[[ DATA BLOCK open ]]
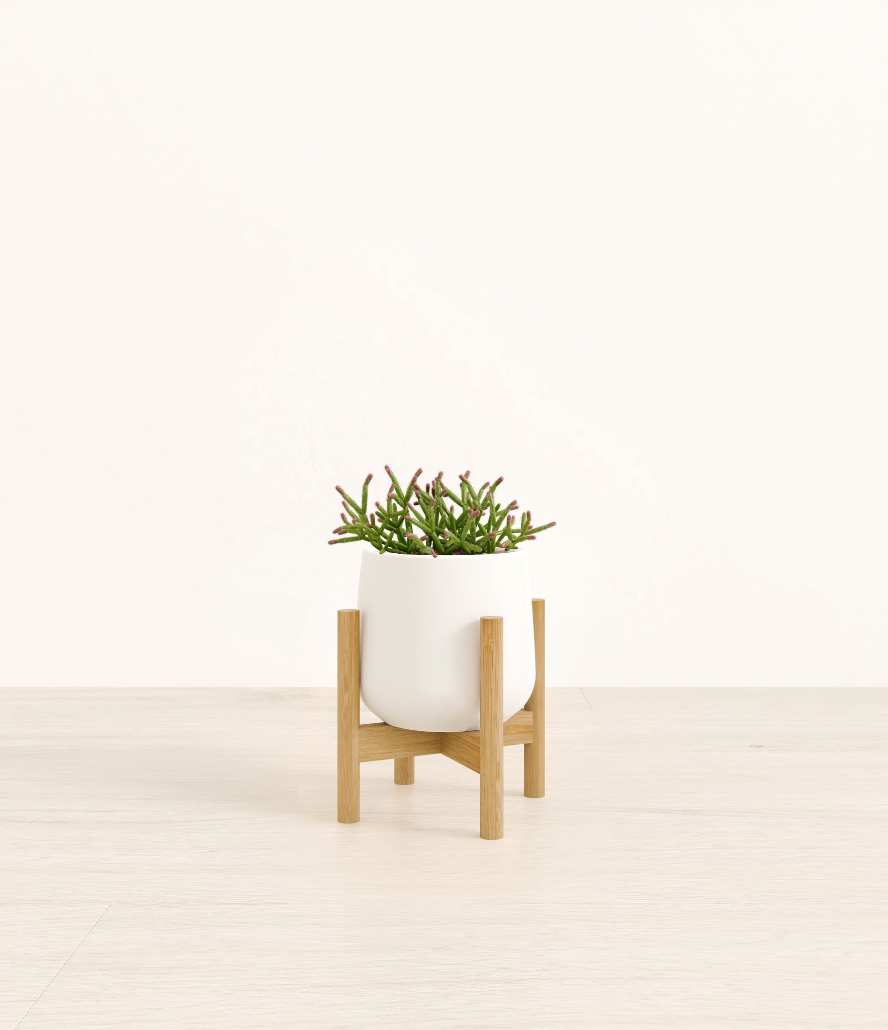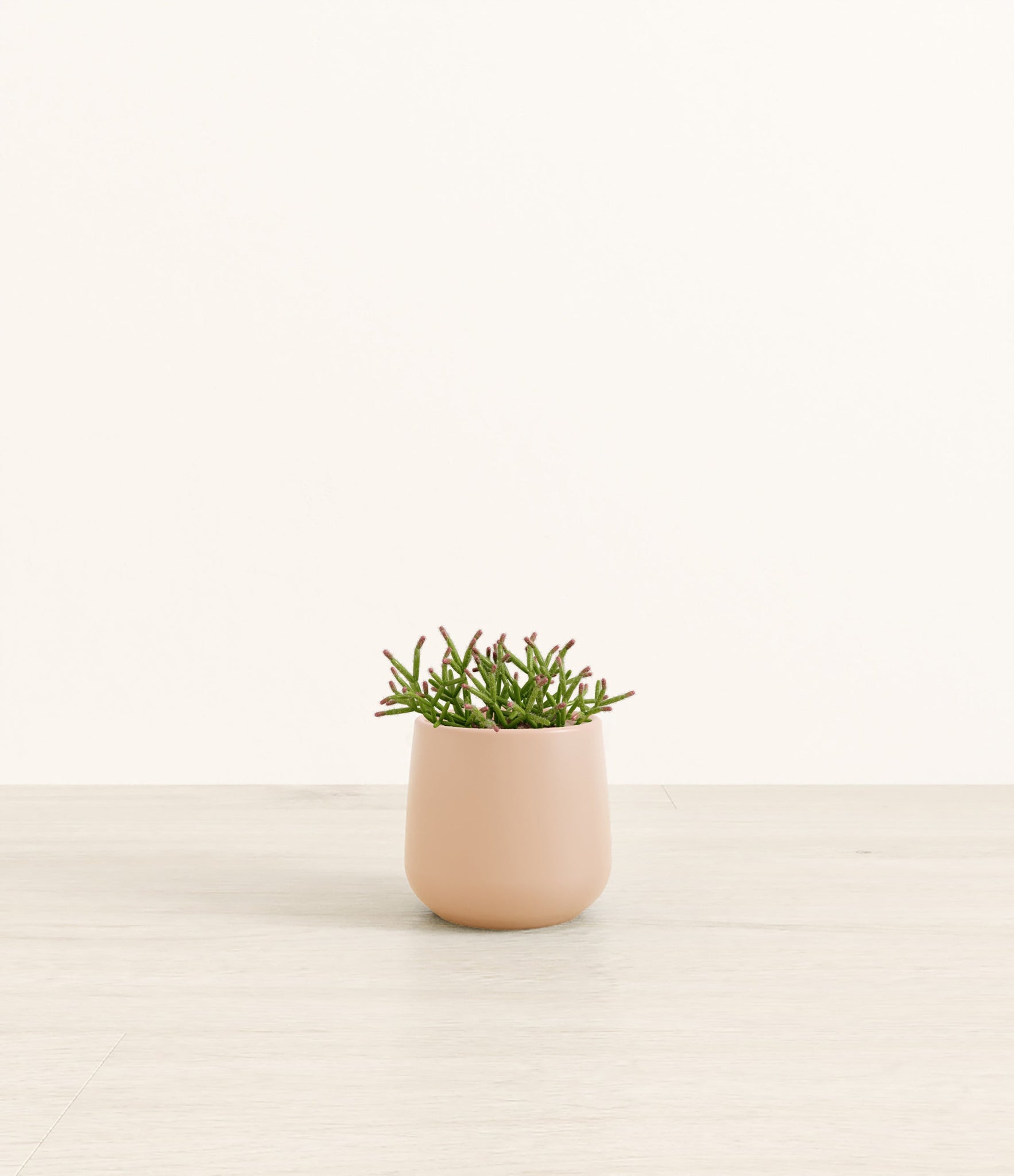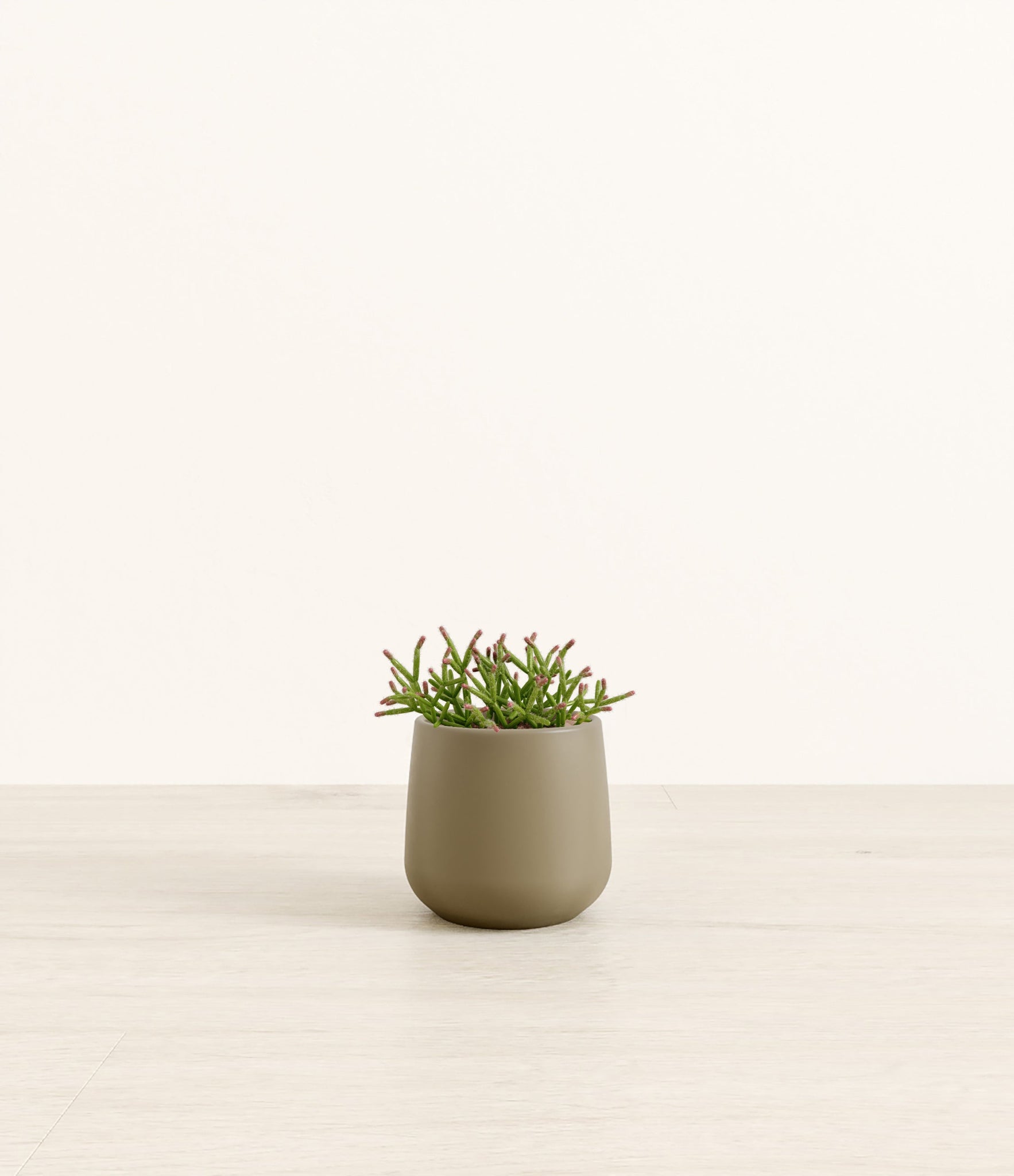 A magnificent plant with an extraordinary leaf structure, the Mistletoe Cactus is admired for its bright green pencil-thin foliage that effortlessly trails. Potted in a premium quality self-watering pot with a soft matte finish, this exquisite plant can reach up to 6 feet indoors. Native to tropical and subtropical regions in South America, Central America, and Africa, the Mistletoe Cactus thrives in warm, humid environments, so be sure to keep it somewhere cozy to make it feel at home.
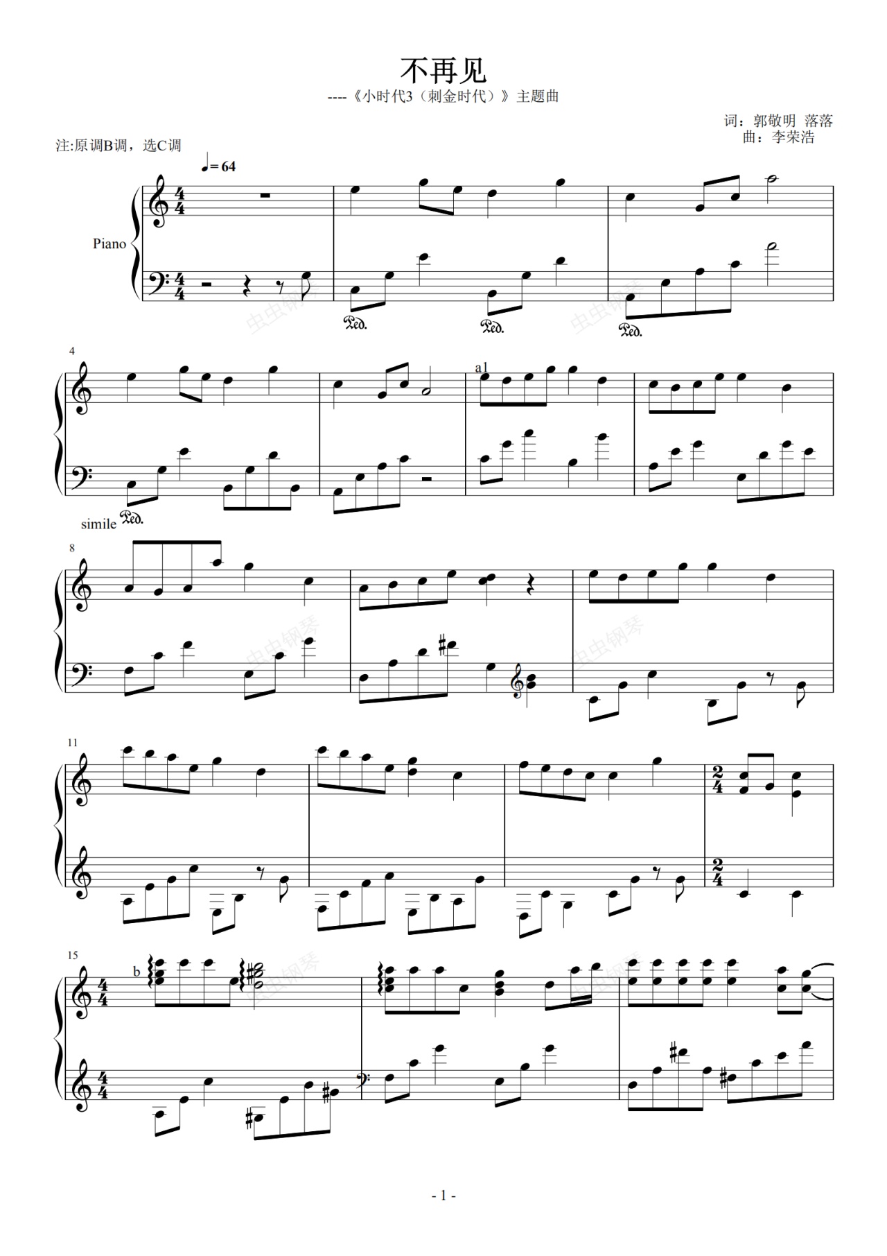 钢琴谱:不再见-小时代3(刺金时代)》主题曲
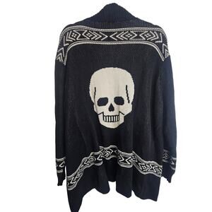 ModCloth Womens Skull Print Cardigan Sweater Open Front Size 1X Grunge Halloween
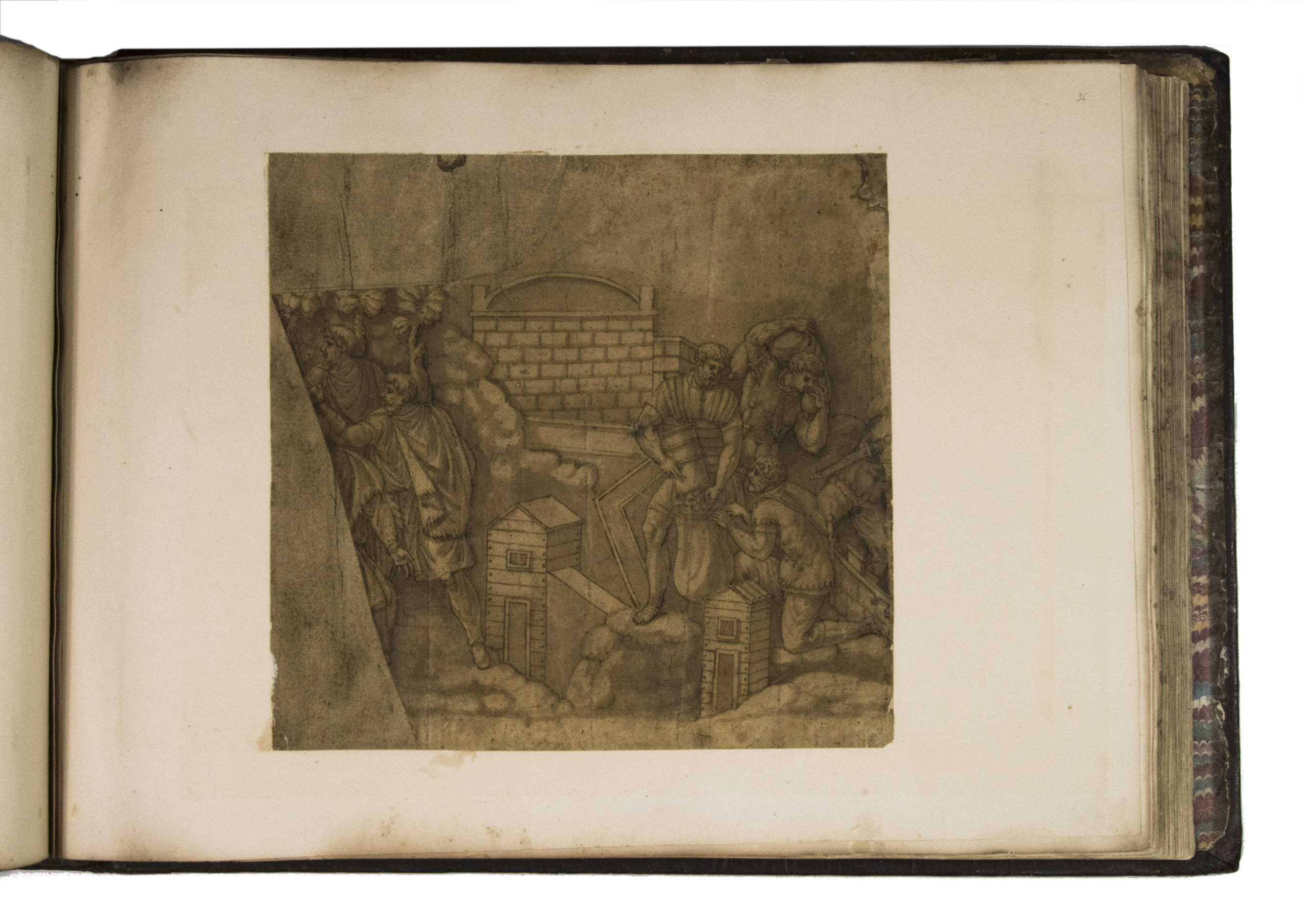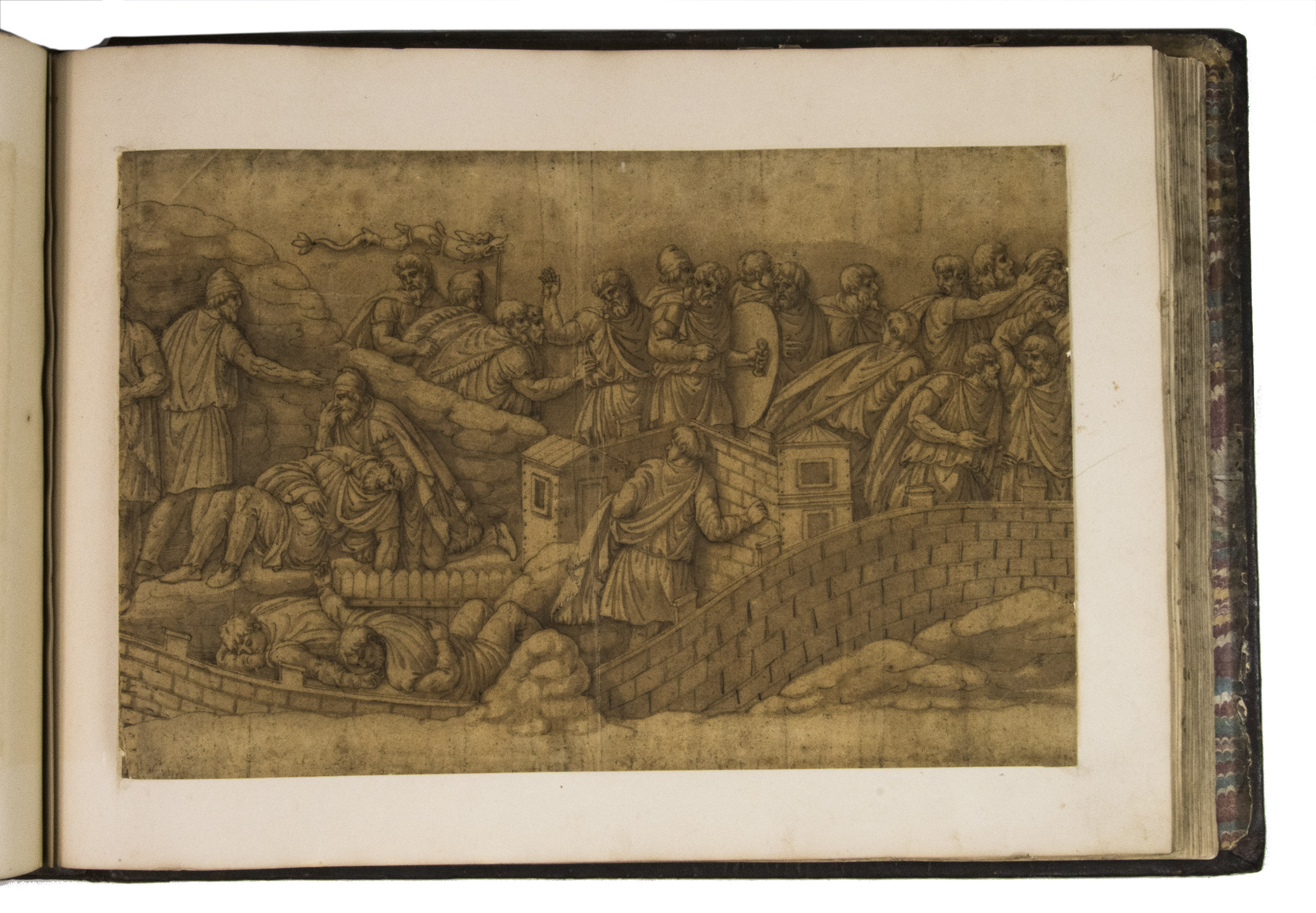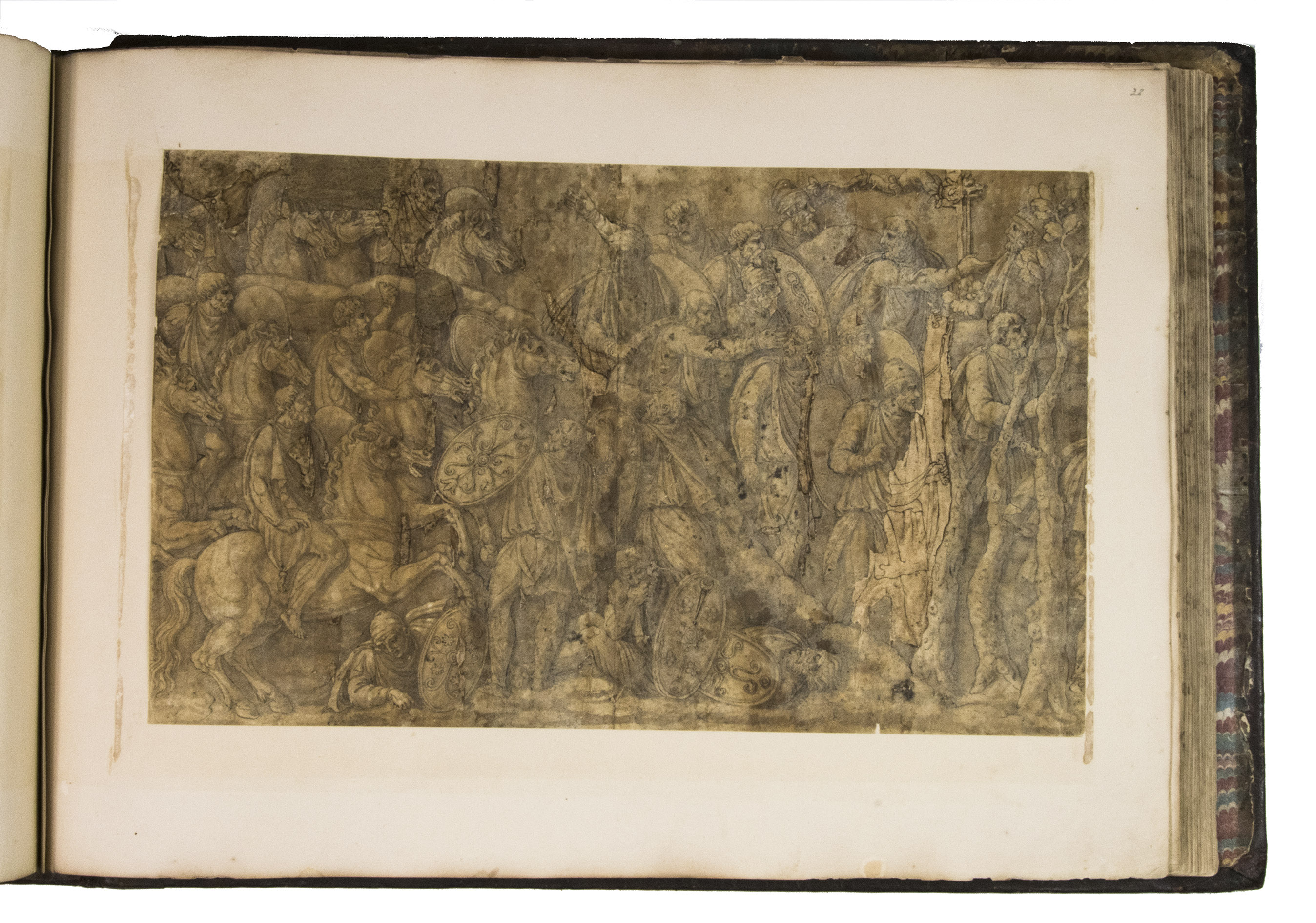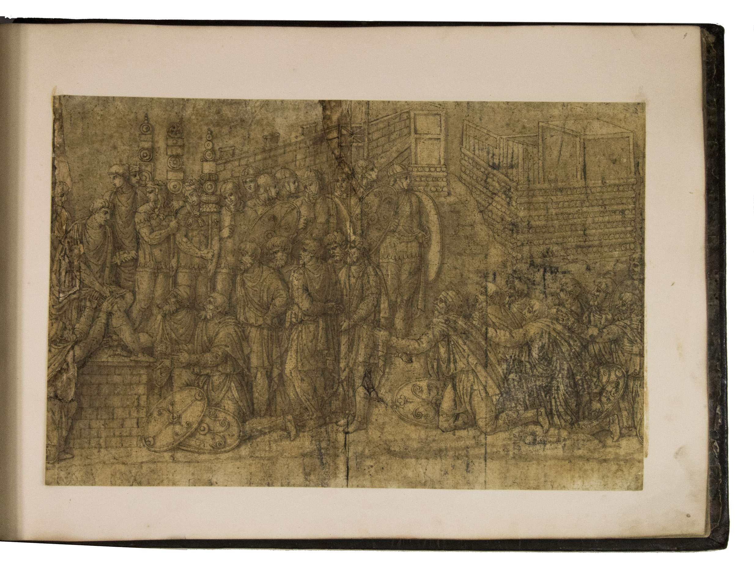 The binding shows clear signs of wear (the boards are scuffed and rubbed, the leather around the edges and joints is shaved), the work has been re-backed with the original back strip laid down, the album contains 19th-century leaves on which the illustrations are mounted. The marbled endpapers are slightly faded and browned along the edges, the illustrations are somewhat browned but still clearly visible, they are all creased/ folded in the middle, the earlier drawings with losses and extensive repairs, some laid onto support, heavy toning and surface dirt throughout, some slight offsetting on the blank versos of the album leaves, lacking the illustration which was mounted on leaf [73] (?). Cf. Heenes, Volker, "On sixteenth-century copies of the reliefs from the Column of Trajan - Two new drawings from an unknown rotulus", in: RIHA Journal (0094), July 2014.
[[ DATA BLOCK closed ]]
## ASSIGNED TASK
Make an exact printout of the listing above, omitting the images.

## SOLVED PROBLEM
 A magnificent plant with an extraordinary leaf structure, the Mistletoe Cactus is admired for its bright green pencil-thin foliage that effortlessly trails. Potted in a premium quality self-watering pot with a soft matte finish, this exquisite plant can reach up to 6 feet indoors. Native to tropical and subtropical regions in South America, Central America, and Africa, the Mistletoe Cactus thrives in warm, humid environments, so be sure to keep it somewhere cozy to make it feel at home.
 钢琴谱:不再见-小时代3(刺金时代)》主题曲
 ModCloth Womens Skull Print Cardigan Sweater Open Front Size 1X Grunge Halloween
 The binding shows clear signs of wear (the boards are scuffed and rubbed, the leather around the edges and joints is shaved), the work has been re-backed with the original back strip laid down, the album contains 19th-century leaves on which the illustrations are mounted. The marbled endpapers are slightly faded and browned along the edges, the illustrations are somewhat browned but still clearly visible, they are all creased/ folded in the middle, the earlier drawings with losses and extensive repairs, some laid onto support, heavy toning and surface dirt throughout, some slight offsetting on the blank versos of the album leaves, lacking the illustration which was mounted on leaf [73] (?). Cf. Heenes, Volker, "On sixteenth-century copies of the reliefs from the Column of Trajan - Two new drawings from an unknown rotulus", in: RIHA Journal (0094), July 2014.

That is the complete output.